_Exercise_: From the top of the entries, reproduce each line exactly, stopping after the line that contains "That would not". Omit pictures.

_Records for this task_:
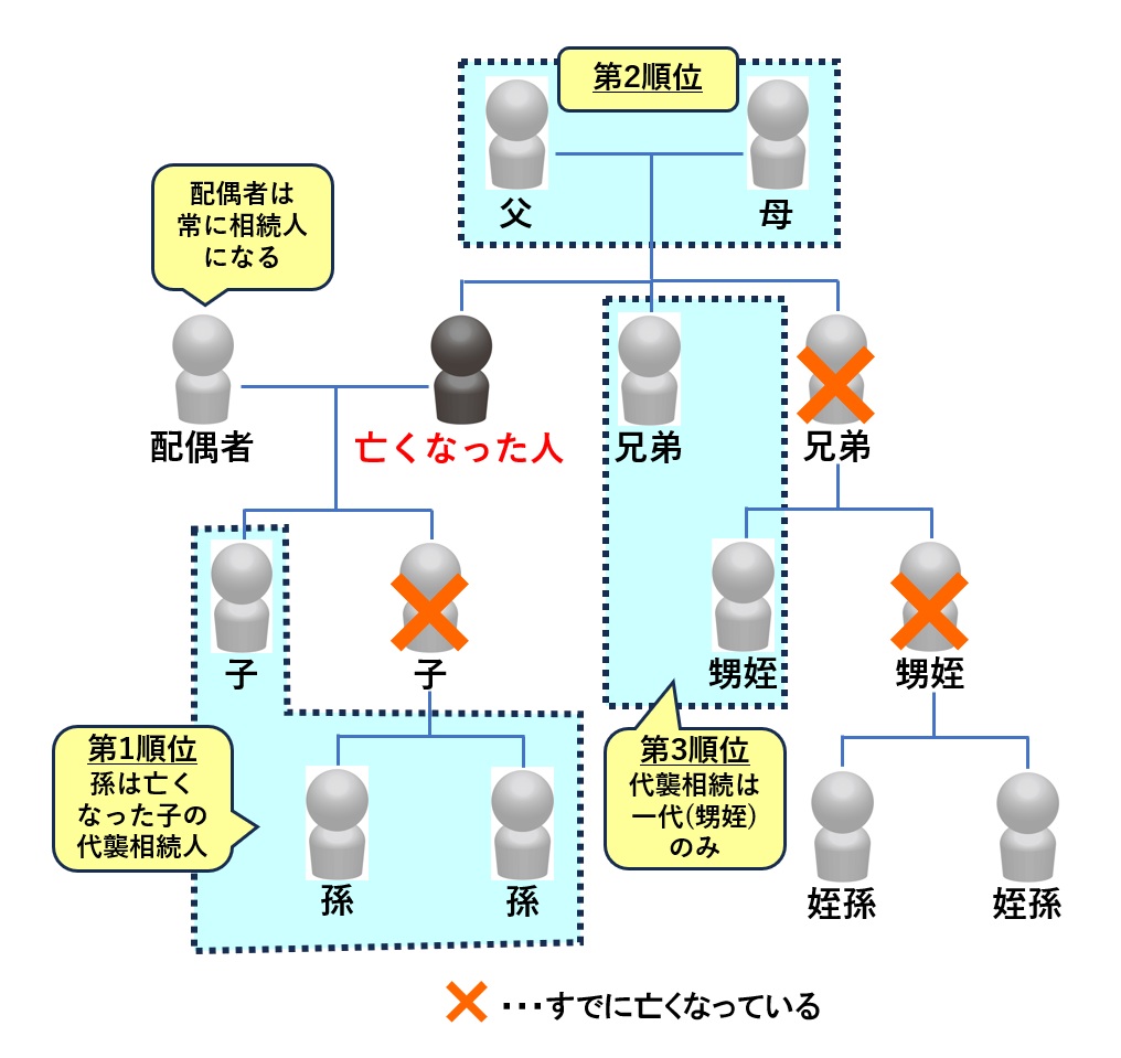 亡くなった人の子がすでに亡くなっている場合はその人の子(孫)、その人の子も亡くなっている場合はさらにその人の子(ひ孫)が代わりに相続人になります。(代わりに相続人になることを「代襲相続」といいます)
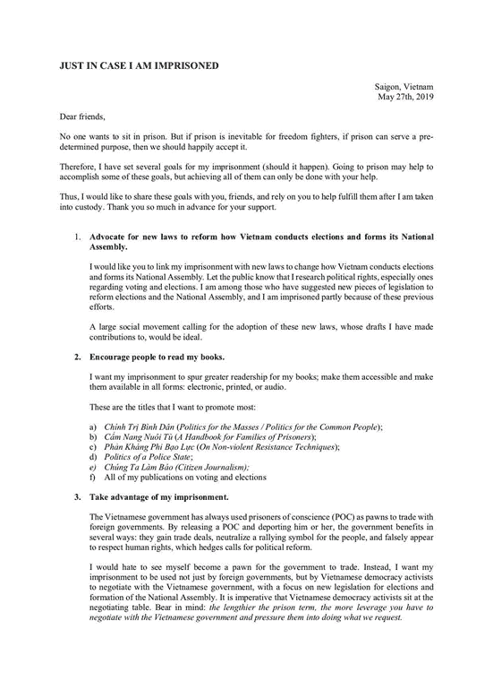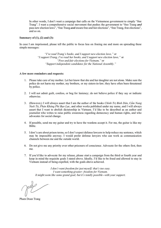 That would not be surprising. In fact, it is probably something she expected. A year ago, Trang had penned a letter titled “Just In Case I Am Imprisoned” (read the full letter, below) and sent it to a trusted friend with specific instructions to publish it the moment she gets arrested. She writes: “I don’t need freedom just for myself, that would be too easy. I want something much greater: freedom and democracy for all of Vietnam.”
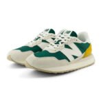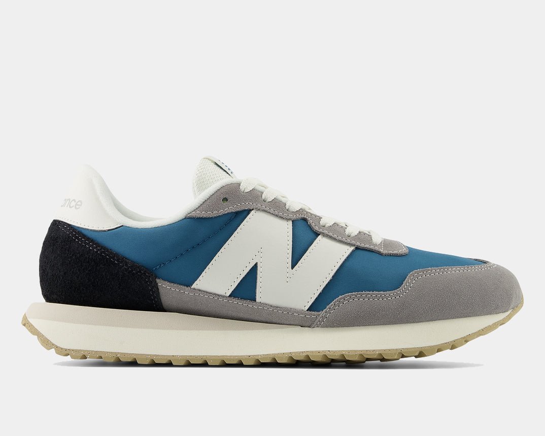 The running shoes of the 1970s might best be described as deceptively simple. While lacking the visible technology and aggressive design of later years, the innovations of the ‘70s would lay the foundation for modern performance. The New Balance 237 V1 is a contemporary reinterpretation of ‘70s running heritage that melds a range of heritage design inspirations into one deceptively simple, exceptionally versatile, contemporary silhouette. An EVA midsole, herringbone outsole and streamlined upper offer a classic launching point for modern flourishes like oversized N branding, extended midsole length, and gator inspired foxing and mudguard. You could call the cohesion of the New Balance men’s 237 shoes’ familiar feel and exaggerated updates the simplest way to make a statement.
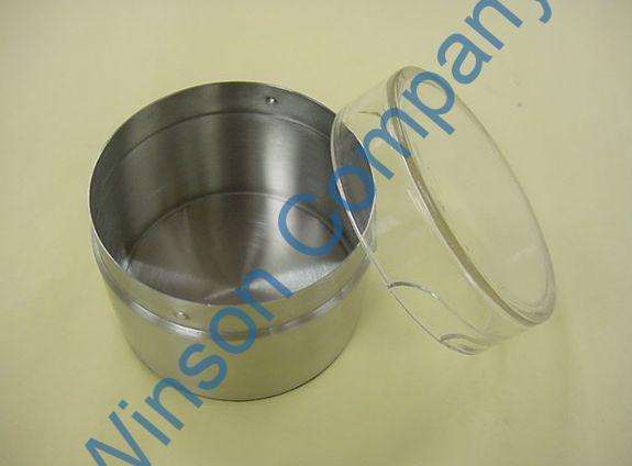 SN0072-D63H50(M) Can with clear acylic lid flat bottom with magnet 1.2mm thick with wrap around sleeve label. 12/120 18/8 stainless steel
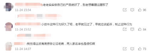 有些網(wǎng)友則支持海底撈起訴小放牛餐飲,并認為小放牛應(yīng)該老老實實做自己的品牌,而是不是蹭海底撈的流量。
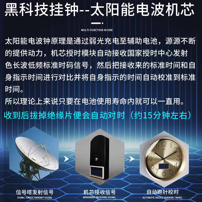 TQJ太阳能电波钟黄铜简约静音挂钟客厅家用时尚 挂表挂墙石英钟表
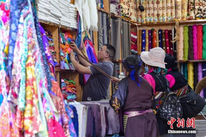 拉薩老城區的八廓街上,花樣繁多的藏裝店構成一道絢爛民族風。店中選購藏裝的顧客,既有本地人,也不乏口音各異的外地游客。22日下午,在此經營藏裝店10余年的卓瑪迎來“特殊”的客人。
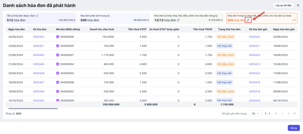 Nếu anh chị đã lập tờ khai và lưu tạm. Sau đó có phát sinh thêm dữ liệu đơn hàng mới, hóa đơn máy tính tiền (hóa đơn mới, hóa đơn thay thế, điều chỉnh) tuy nhiên xem lại tờ khai, danh sách hóa đơn vẫn không hiển thị các hóa đơn mới phát sinh.
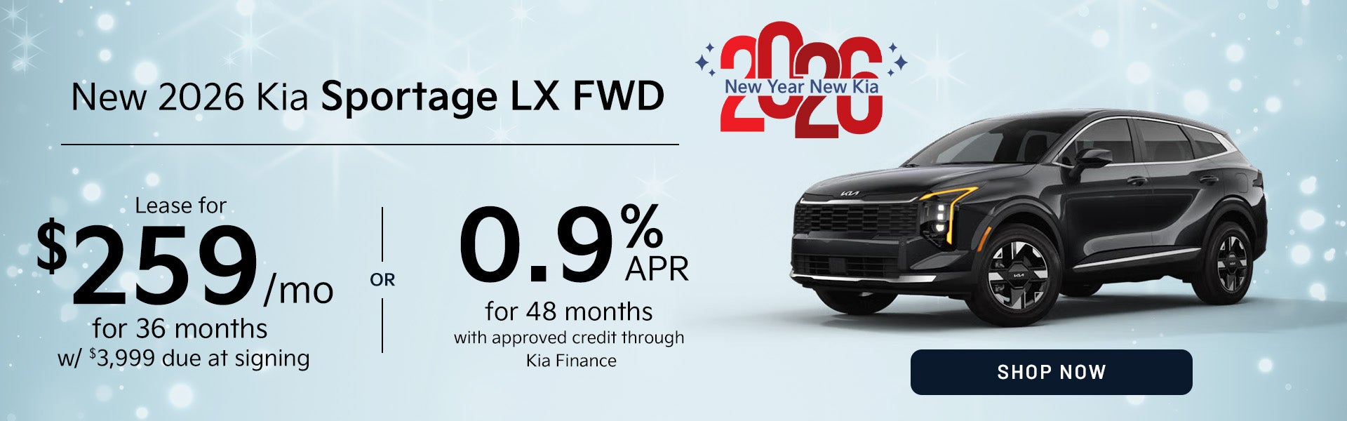 $3,999 due at signing including $259 first monthly payment, $3,090 capitalized cost reduction, $650 acquisition fee, plus tax, title, license and registration fees. Available to well-qualified lessees who lease a 2026 Sportage (Model #42222). No security deposit required. Purchase option at lease end $19,889.10. Subject to credit approval by Kia Finance. Lessee responsible for insurance, maintenance, repairs, $0.20 per mile over 10,000 miles/year, excess wear, and termination fee of up to $400. Offers may not be combined except where specified. Must take delivery by 02/02/2026. See dealer for details. $21.22 per month per $1,000 financed at 48 months. APR financing subject to credit approval by Kia Finance America (KFA), through KFA, for well-qualified buyers and not available on balloon financing. Only a limited number of customers will qualify for advertised APR. New vehicles only. Offers may not be combined. Offer expires 02/02/2026. See dealer for details.
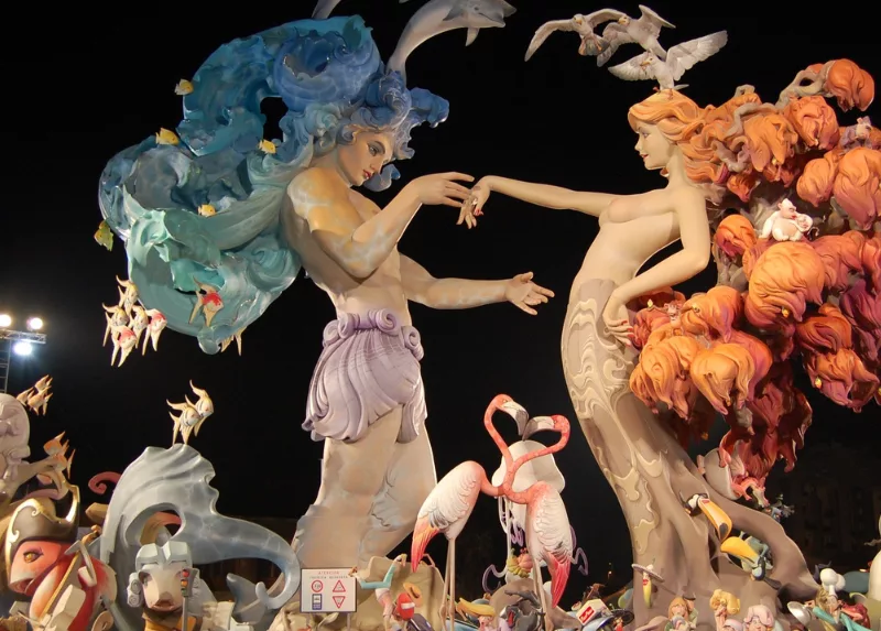 Las fallas son una fiesta popular que se celebra en Valencia desde el siglo XIX. La tradición consiste en la construcción de monumentos artísticos y escultóricos, que son exhibidos durante la semana de las Fallas y luego son quemados el 19 de marzo, durante la Noche de San José, día anterior al equinoccio de primavera. La festividad tiene sus raíces en la práctica de quemar objetos viejos y usados a finales del invierno para limpiar y renovar la casa, una antigua costumbre de los carpinteros de aquella época. Con el tiempo estos objetos se convirtieron en monumentos artísticos y culturales muy importantes en Valencia.
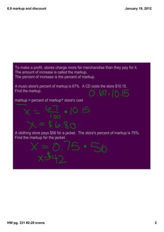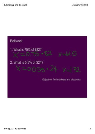This document provides instructions on calculating markups and discounts. It defines markup as the amount of increase over the store's cost, and discount as the amount of decrease from the regular price. It gives examples of finding the markup on items when given the store's cost and percent of markup. Similarly, it provides examples of finding the discount and sale price on items originally priced at a regular price when given the percent discounted. The goal is to practice calculating markups, discounts, selling prices, and sale prices.
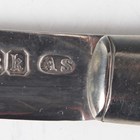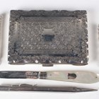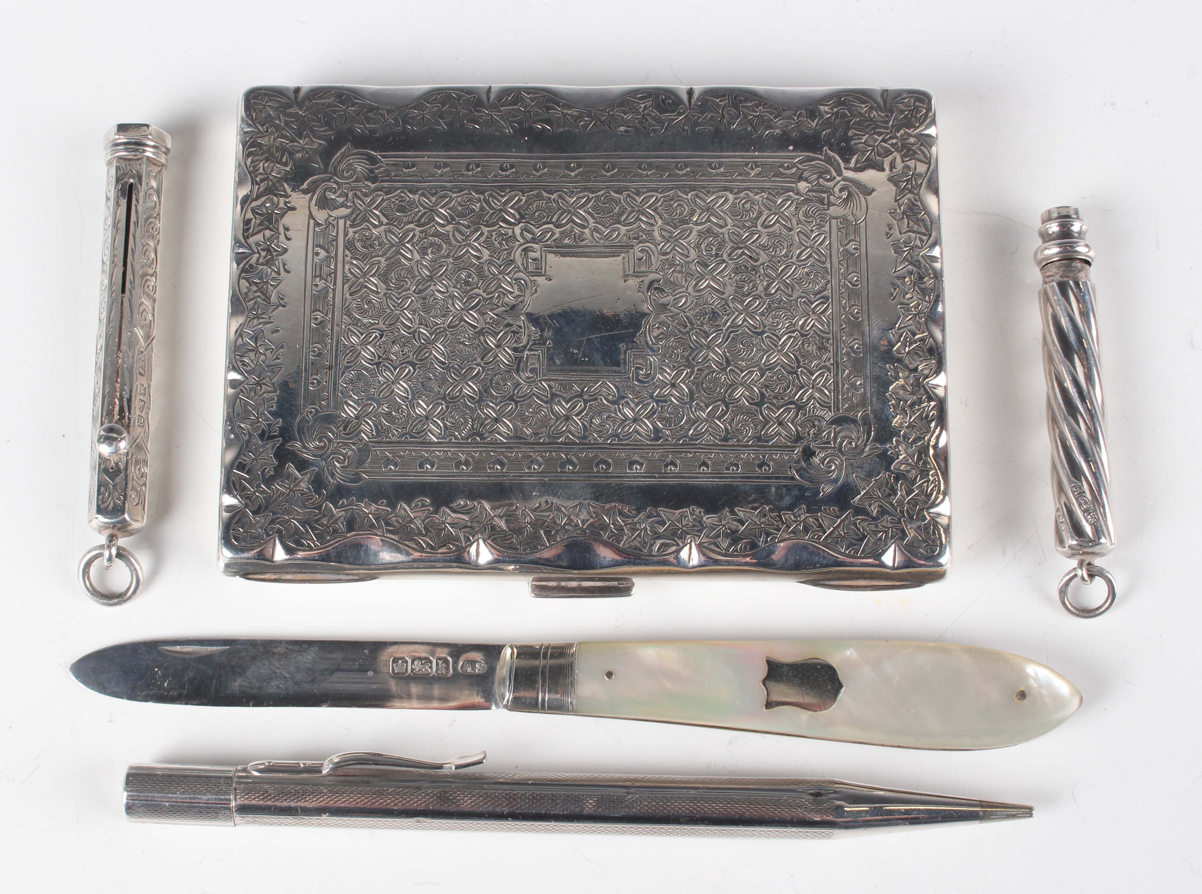 A late Victorian silver rectangular aide-mémoire with engraved decoration, brown leather fitted interior and silver propelling pencil, Birmingham 1898 by Frederick Marson, length 9.8cm, together with a silver bladed mother-of-pearl folding fruit knife, two silver slide-action pencils and a silver propelling pencil.
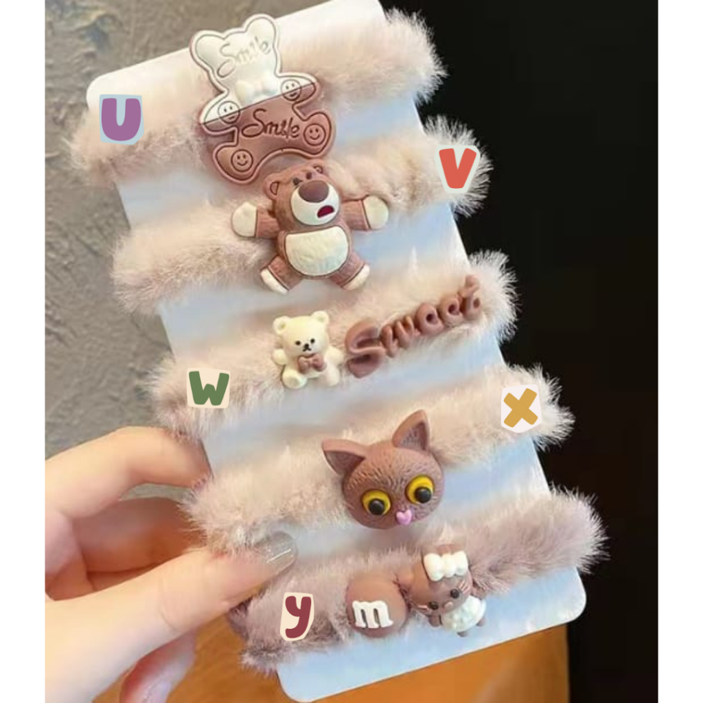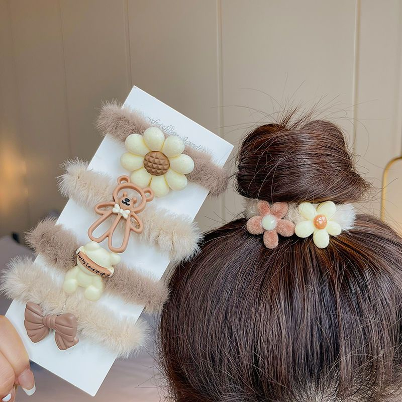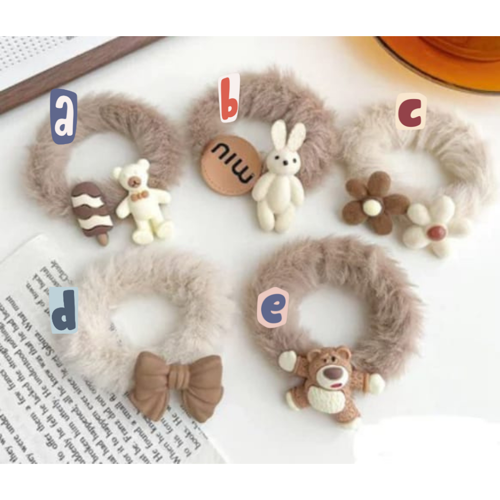 ACC120 SCRUNCHIE BULU LUCU /IKAT RAMBUT BULU MODEL BUNGA LOVE BERUANG IMPORT
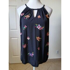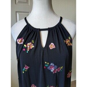 The INC International Concepts Women's Embellished Bubble Hem Halter Top in Black PXL is a stylish blouse perfect for various occasions such as parties, casual outings, formal events, workwear, and business meetings. Made of 96% polyester and 4% spandex, this sleeveless top features a floral pattern with sequin accents, adding a touch of glamour. The halter neckline and button closure give it a chic and feminine look, making it a versatile piece for the summer, fall, and spring seasons. Perfect for petite women who appreciate basic yet trendy style options.
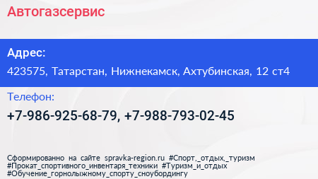 Автогазсервис по адресу 423575, Татарстан, Нижнекамск, Ахтубинская, 12 ст4 в дальнейшем Организация, размещена в следующих категориях:
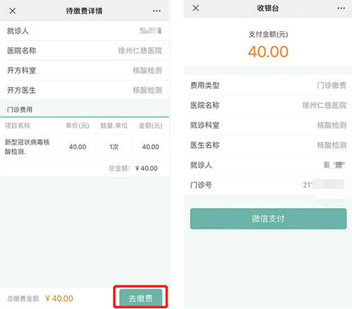 徐州仁慈醫(yī)院核酸檢測線上繳費(fèi)指引
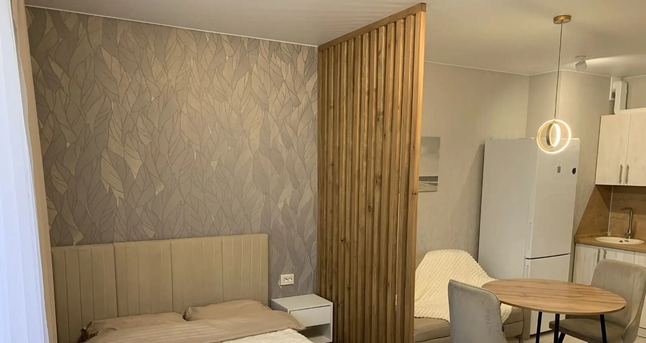 • Разделение спальной и кухонной зон стильной деревянной перегородкой;
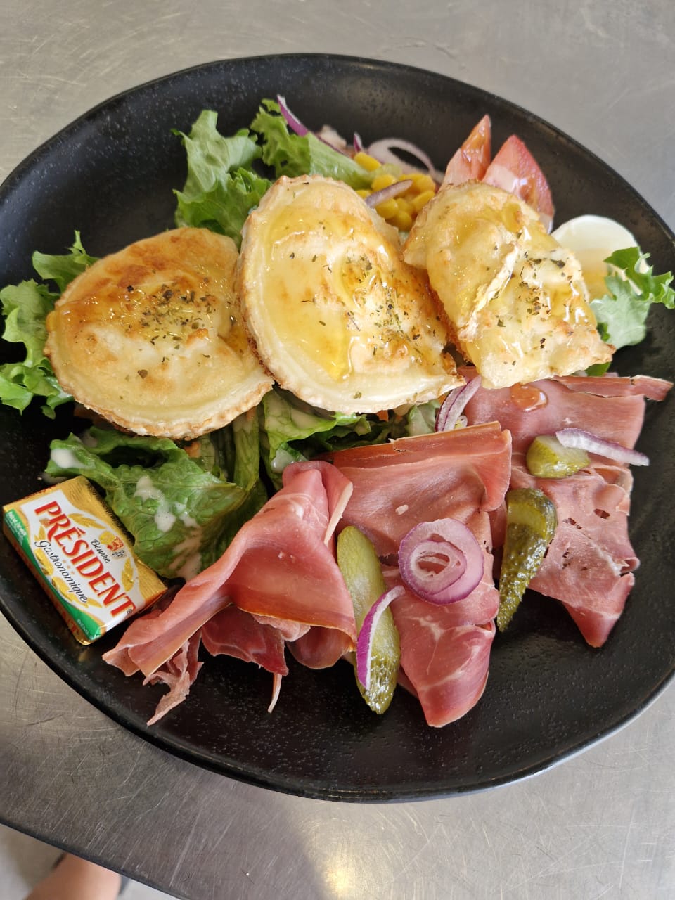 Salad, Raw Vegetables, Goat, Hot, Honey, Raw Ham
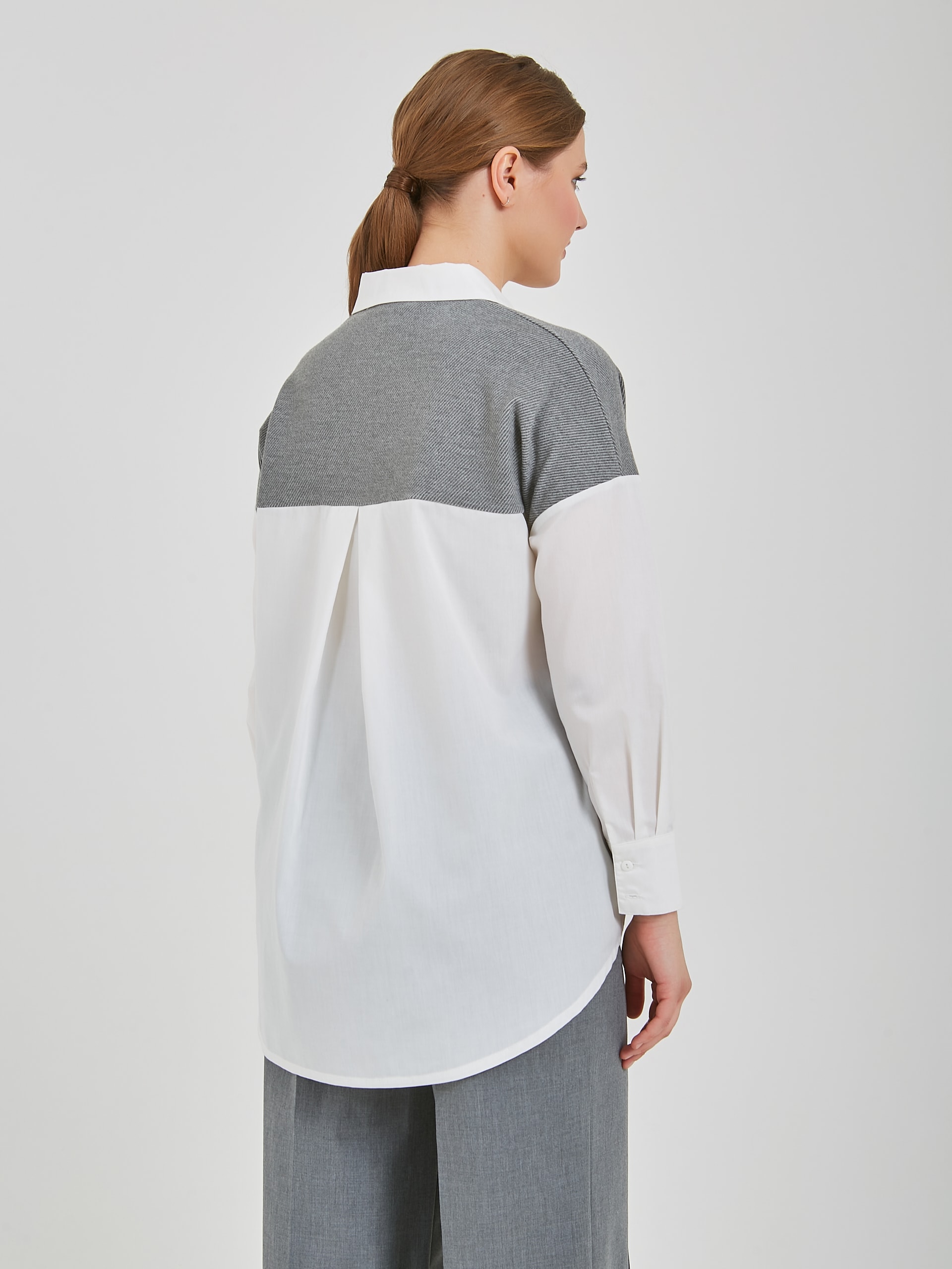 Оригинальная рубашка из комбинированной ткани, прямого силуэта с накладним карманом на груди. Осень-Зима'25/26. Капсула "Вишневый сад"

_Result_:
 亡くなった人の子がすでに亡くなっている場合はその人の子(孫)、その人の子も亡くなっている場合はさらにその人の子(ひ孫)が代わりに相続人になります。(代わりに相続人になることを「代襲相続」といいます)
 That would not be surprising. In fact, it is probably something she expected. A year ago, Trang had penned a letter titled “Just In Case I Am Imprisoned” (read the full letter, below) and sent it to a trusted friend with specific instructions to publish it the moment she gets arrested. She writes: “I don’t need freedom just for myself, that would be too easy. I want something much greater: freedom and democracy for all of Vietnam.”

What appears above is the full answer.